Ghostty: The Terminal That Changes Everything
Mitchell Hashimoto just dropped a GPU-accelerated terminal that makes Warp look slow.
Ghostty: The Terminal That Changes Everything
Mitchell Hashimoto — the founder of HashiCorp who gave us Vagrant, Terraform, and Vault — just dropped Ghostty, and it's not another terminal emulator. It's a complete rethinking of what terminals should be in 2024.
Why GPU Acceleration Actually Matters
Most developers think "fast terminal" means quick startup times. But when you're running AI workflows, spinning up containers, or handling massive log outputs, rendering becomes the bottleneck. Ghostty uses GPU acceleration to handle text rendering at native speeds, which means smooth scrolling through thousands of lines and responsive interactions even under heavy loads.

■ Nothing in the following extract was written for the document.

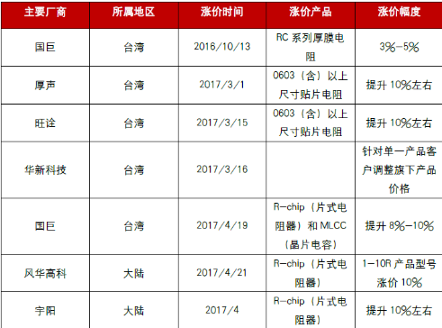 自去年第三季度至今,被动元件价格持续上涨。产品主要涉及MLCC和R-Chip(片式电阻器),MLCC平均提价幅度在20%以上,R-Chip提价幅度略小于MLCC,而在MLCC产品中,常规格产品提价幅度较小,小尺寸、高电容等高端MLCC产品提价幅度最大。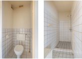 Separaat toilet, eveneens gedeeltelijk betegeld en voorzien van natuurlijke ventilatie.

This isn't just theoretical. If you've used Warp, you've probably hit those moments where the AI suggestions lag behind your typing, or the interface stutters during intensive operations. Ghostty eliminates that friction entirely.
What Makes It Different
Where Warp went AI-first with command suggestions and workflows, Ghostty went performance-first with native speed. Where iTerm2 focused on customization, Ghostty focused on getting out of your way.
The key insight: terminals are infrastructure, not destinations. You don't want to think about your terminal any more than you want to think about your TCP stack. Ghostty delivers on that promise — it's fast, stable, and invisible.
Perfect Timing for AI Development
This launch comes at exactly the right moment. As AI coding tools like Claude Code become primary workflows, developers need terminals that can handle long-running agent sessions without crashing or slowing down. Traditional terminals weren't built for the sustained, intensive workloads that AI development demands.
Ghostty was. And coming from Hashimoto — whose tools power half the internet — that's not just marketing. It's a foundation you can build on.
Try It Now
Ghostty is open source and available at ghostty.org. If you're tired of terminal friction slowing down your AI workflows, this is worth the 10 minutes to set up. The terminal wars just got interesting again.